Ацетилсалициловая кислота
В исследовании с участием здоровых добровольцев эторикоксиб в дозе 120 мг в день в равновесном состоянии не влиял на антитромбоцитарную активность ацетилсалициловой кислоты (81 мг 1 раз в день). Эторикоксиб можно применять одновременно с ацетилсалициловой кислотой в низких дозах, предназначенных для профилактики СС заболеваний. Однако одновременное назначение низких доз ацетилсалициловой кислоты и эторикоксиба может привести к увеличению частоты язвенного поражения ЖКТ и других осложнений по сравнению с приемом только эторикоксиба. Одновременное применение эторикоксиба с ацетилсалициловой кислотой в дозах, превышающих рекомендованные для профилактики СС осложнений, а также с другими НПВП не рекомендуется (см. раздел «Фармакологические свойства», подраздел «Фармакодинамика», а также раздел «Особые указания»).
Циклоспорин и такролимус
Взаимодействие эторикоксиба с этими препаратами не изучалось, однако одновременное применение НПВП с циклоспорином и такролимусом может усиливать нефротоксический эффект этих препаратов. При одновременном применении эторикоксиба с любым из этих препаратов следует контролировать функцию почек.

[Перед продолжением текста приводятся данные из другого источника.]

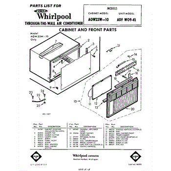 Parts for Whirlpool ADFW0941: 01 - Cabinet And Front Parts
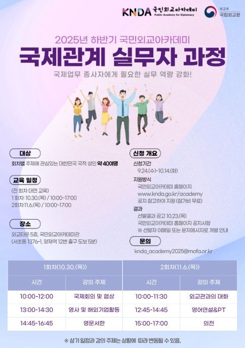 [와이뉴스] 외교부 국립외교원은 2025년 하반기 국민외교아카데미 국제관계 실무자 과정 참가자를 9월 24일부터 10월 14일까지 모집한다.

Фармакокинетическое взаимодействие
Влияние эторикоксиба на другие лекарственные препараты
Литий
НПВП уменьшают выведение лития почками и, следовательно, повышают концентрацию лития в плазме крови. При необходимости проводят частый контроль концентрации лития в крови и корректируют дозу лития в период одновременного применения с НПВП, а также при отмене НПВП.
Метотрексат
В двух исследованиях изучались эффекты эторикоксиба в дозах 60 мг, 90 мг и 120 мг 1 раз в день в течение семи дней у пациентов, получавших 1 раз в неделю метотрексат в дозе от 7,5 мг до 20 мг по поводу ревматоидного артрита. Эторикоксиб в дозах 60 мг и 90 мг не оказывал влияния на концентрацию в плазме и почечный клиренс метотрексата. В одном исследовании эторикоксиб в дозе 120 мг не оказывал влияния па фармакокинетические показатели метотрексата. В другом исследовании концентрация метотрексата в плазме повышалась на 28 %, а почечный клиренс метотрексата снижался на 13 %. При одновременном назначении эторикоксиба и метотрексата следует вести наблюдение на предмет возможного появления токсических эффектов метотрексата.
Пероральные контрацептивы
Прием эторикоксиба в течение 21 дня в дозе 60 мг с пероральными контрацептивами, содержащими 35 мкг этинилэстрадиола (ЭЭ) и от 1,5 до 1 мг норэтиндрона, увеличивает AUC0-24ч ДЛЯ ЭЭ на 37 %. Прием эторикоксиба в дозе 120 мг с вышеуказанными пероральными контрацептивами (одновременно или с интервалом в 12 часов) увеличивает равновесную AUC0-24ч ДЛЯ ЭЭ на 50-60 %. Это увеличение концентрации ЭЭ следует принимать во внимание при выборе соответствующего перорального контрацептива для одновременного применения с эторикоксибом. Подобный факт может приводить к увеличению частоты развития нежелательных явлений, связанных с применением пероральных контрацептивов (например, венозных тромбоэмболий у женщин из группы риска).
Заместительная гормональная терапия (ЗГТ)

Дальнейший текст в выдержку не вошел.